A cover image from the pulp magazine Bull's-Eye Detective
PulpFest
A cover image from the pulp magazine Bull's-Eye Detective

Those of us born after, say, 1950, probably aren’t terribly familiar with pulp magazines. But most anybody reading one today might get a jolt of déjà vu nonetheless.

From the 1920s through the ’40s, pulps like Amazing Stories, Weird Tales, and Black Mask were the nation’s primary outlet for short fiction – mysteries, Westerns, science fiction, and fantasy.

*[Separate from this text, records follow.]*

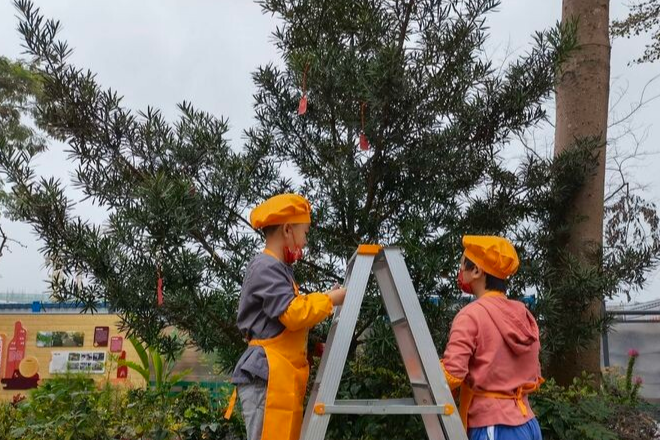 为了烘托节日氛围,亲子家庭还用一些红色的愿望卡来装饰花园,以此祝愿在新的一年红红火火,平安顺遂。“小梅沙社区由于没有花市和花店,到共建花园种年花让小孩体验到了不一样的年味,同时厨余垃圾堆肥又让孩子学到了环保知识,非常有意义。”居民刘先生一边教女儿怎么施肥,一边说:“大人也很愿意参与这类户外亲子活动。”
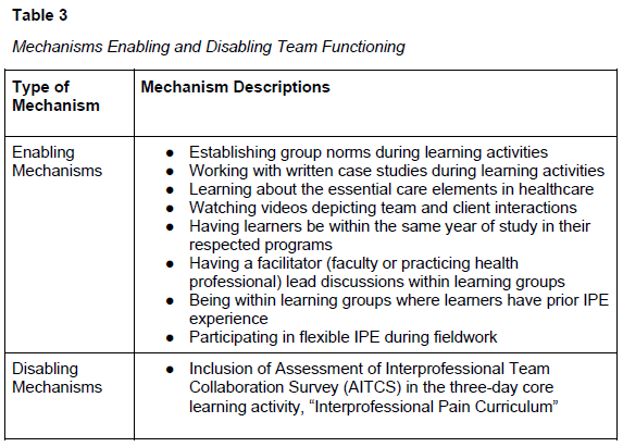 최적의 팀 기능은 의료 전문가들이 모든 팀원의 의견을 존중하고, 존중하고 윤리적인 방식으로 팀 토론을 효과적으로 촉진할 때 달성됩니다(CIHC, 2010). 정량적 및 정성적 데이터 분석을 통해 특정 메커니즘이 이 협업 역량의 개발을 촉진하고 저해했음을 발견했습니다. 정량적 분석 결과, 졸업생의 66.5%가 그룹 규범 수립이 팀 기능에 기여한다고 인식했으며, 84%는 사례 연구가 유익하다고 인식했습니다. 표 3은 팀 기능 달성을 촉진하고 저해한 메커니즘을 보여줍니다.
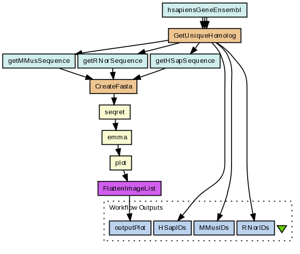 Using Biomart and EMBOSS soaplab services, This workflow retrieves a number of sequences from 3 species: mouse, human, rat; align them, and returns a plot of the alignment result. Corresponding sequence ids are also returned.

The magazines were printed on cheap paper (“pulp”) and sold for 10, 15 or 20 cents each. But while they were often considered low-brow entertainment, they provided outlets for many influential writers and set the tone for decades of popular culture to come.

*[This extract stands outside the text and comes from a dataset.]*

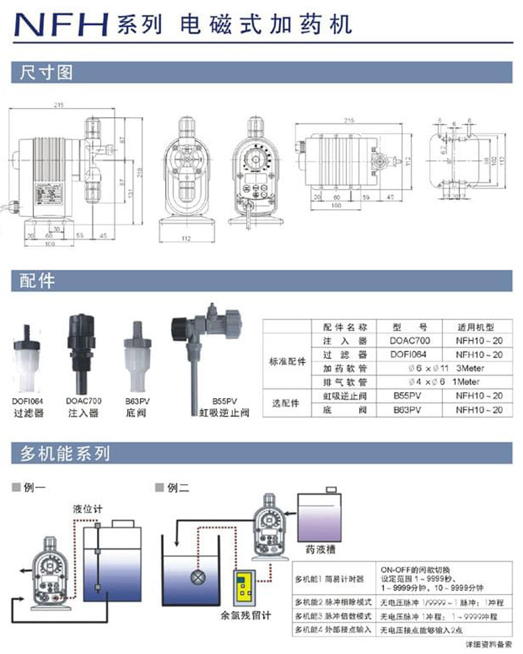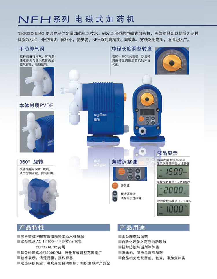 • 產品描述:NIKKISO EIKO日機裝NFH20系列結合電子與定量加藥機之技術,研發泛用型的電磁式加藥機,液體接觸部以優質之耐蝕材質為標準,外型精致,體積小,易安裝。NFH系列高精度、高效率、寬頻泛用電壓,適用地區廣。

A cover from Amazing Stories magazine
PulpFest
A cover from Amazing Stories magazine

With characters like Doc Savage, Tarzan, The Shadow, Buck Rogers, and detective Sam Spade, the pulps pioneered modern detective fiction and foreshadowed everything from “Star Wars” to superhero comics and the now-ubiquitous movies based on them.

“If Stephen King were writing say in the 1930s, he would have been published in a pulp magazine,” said Mike Chomko, a co-organizer of this week’s PulpFest 50. The four-day event, at the Doubletree by Hilton Hotel, in Cranberry, marks a half-century of conventions celebrating classic pulp magazines.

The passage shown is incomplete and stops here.